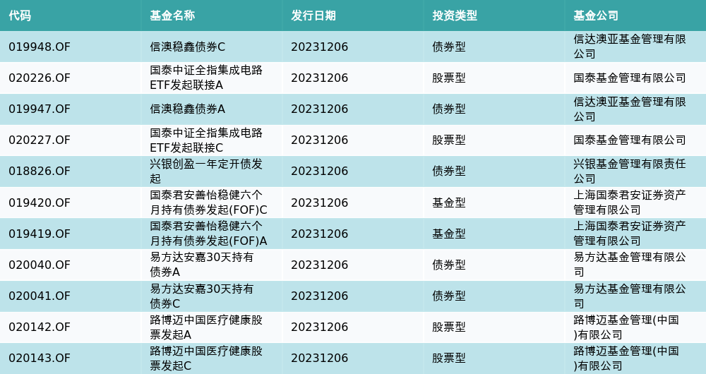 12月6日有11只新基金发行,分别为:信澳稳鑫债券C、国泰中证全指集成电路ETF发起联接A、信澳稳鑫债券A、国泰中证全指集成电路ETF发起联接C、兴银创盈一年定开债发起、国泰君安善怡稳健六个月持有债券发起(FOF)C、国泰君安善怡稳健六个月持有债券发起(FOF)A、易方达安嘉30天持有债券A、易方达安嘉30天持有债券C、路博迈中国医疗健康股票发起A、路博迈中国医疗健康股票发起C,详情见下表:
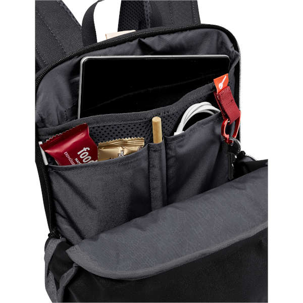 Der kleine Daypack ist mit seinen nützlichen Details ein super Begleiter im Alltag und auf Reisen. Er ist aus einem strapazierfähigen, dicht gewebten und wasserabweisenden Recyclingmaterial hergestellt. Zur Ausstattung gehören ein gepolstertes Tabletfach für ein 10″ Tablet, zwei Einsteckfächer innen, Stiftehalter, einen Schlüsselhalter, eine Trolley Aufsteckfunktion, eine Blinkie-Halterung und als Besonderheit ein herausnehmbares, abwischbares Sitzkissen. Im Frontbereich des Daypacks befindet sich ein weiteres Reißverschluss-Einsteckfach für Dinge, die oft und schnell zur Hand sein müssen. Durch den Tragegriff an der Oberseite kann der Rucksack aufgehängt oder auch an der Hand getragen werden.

...

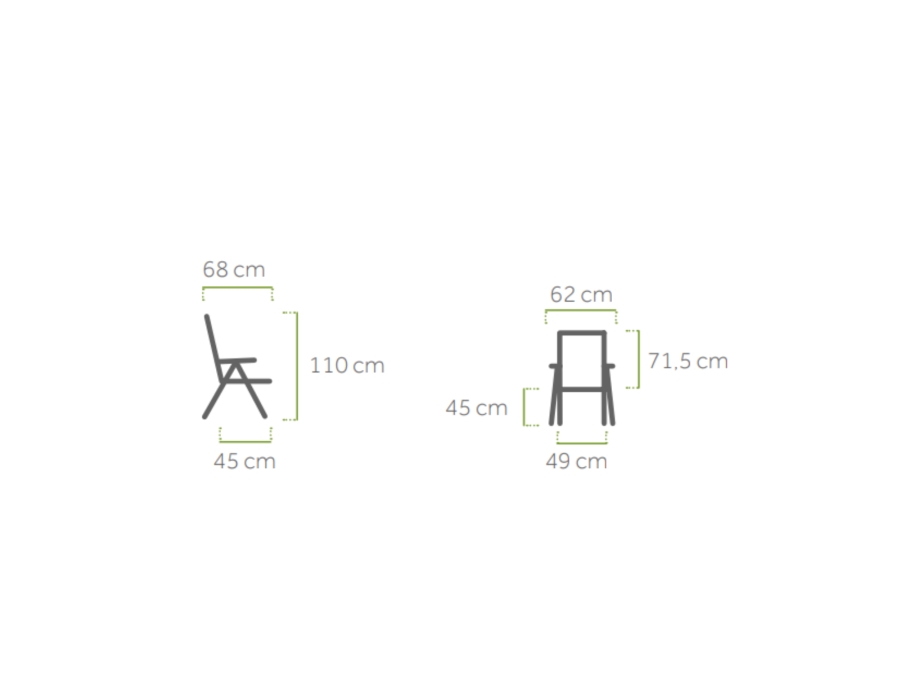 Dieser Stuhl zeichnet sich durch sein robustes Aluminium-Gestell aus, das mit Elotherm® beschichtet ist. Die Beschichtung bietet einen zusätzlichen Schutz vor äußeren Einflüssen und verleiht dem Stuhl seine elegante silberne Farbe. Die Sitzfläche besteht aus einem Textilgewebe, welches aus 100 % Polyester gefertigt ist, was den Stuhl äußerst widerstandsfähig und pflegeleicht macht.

--

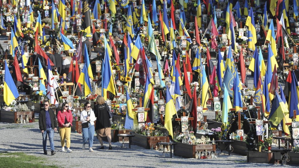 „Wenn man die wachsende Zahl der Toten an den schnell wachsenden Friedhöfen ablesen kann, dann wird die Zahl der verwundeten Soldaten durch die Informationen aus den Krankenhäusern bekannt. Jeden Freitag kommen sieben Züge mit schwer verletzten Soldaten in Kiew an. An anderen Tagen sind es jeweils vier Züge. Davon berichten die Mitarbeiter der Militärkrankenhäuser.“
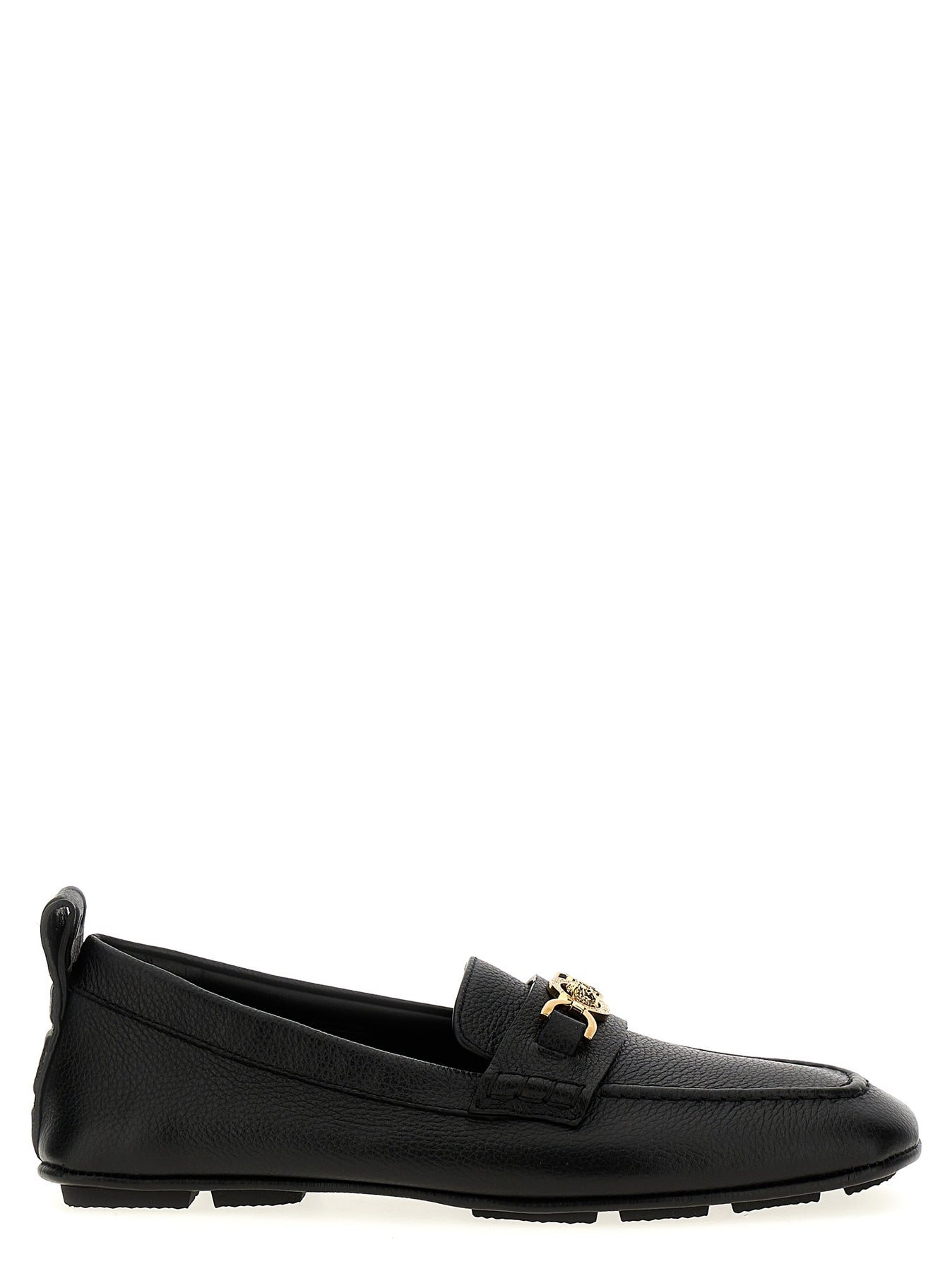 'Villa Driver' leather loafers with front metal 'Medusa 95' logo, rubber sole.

## EXERCISE BRIEF
What you write must match the listing exactly, from the line with "12月6日有11只新基金发行" up to and including the line with "Der kleine Daypack". Pictures stay out.

## COMPLETED TASK
 12月6日有11只新基金发行,分别为:信澳稳鑫债券C、国泰中证全指集成电路ETF发起联接A、信澳稳鑫债券A、国泰中证全指集成电路ETF发起联接C、兴银创盈一年定开债发起、国泰君安善怡稳健六个月持有债券发起(FOF)C、国泰君安善怡稳健六个月持有债券发起(FOF)A、易方达安嘉30天持有债券A、易方达安嘉30天持有债券C、路博迈中国医疗健康股票发起A、路博迈中国医疗健康股票发起C,详情见下表:
 Der kleine Daypack ist mit seinen nützlichen Details ein super Begleiter im Alltag und auf Reisen. Er ist aus einem strapazierfähigen, dicht gewebten und wasserabweisenden Recyclingmaterial hergestellt. Zur Ausstattung gehören ein gepolstertes Tabletfach für ein 10″ Tablet, zwei Einsteckfächer innen, Stiftehalter, einen Schlüsselhalter, eine Trolley Aufsteckfunktion, eine Blinkie-Halterung und als Besonderheit ein herausnehmbares, abwischbares Sitzkissen. Im Frontbereich des Daypacks befindet sich ein weiteres Reißverschluss-Einsteckfach für Dinge, die oft und schnell zur Hand sein müssen. Durch den Tragegriff an der Oberseite kann der Rucksack aufgehängt oder auch an der Hand getragen werden.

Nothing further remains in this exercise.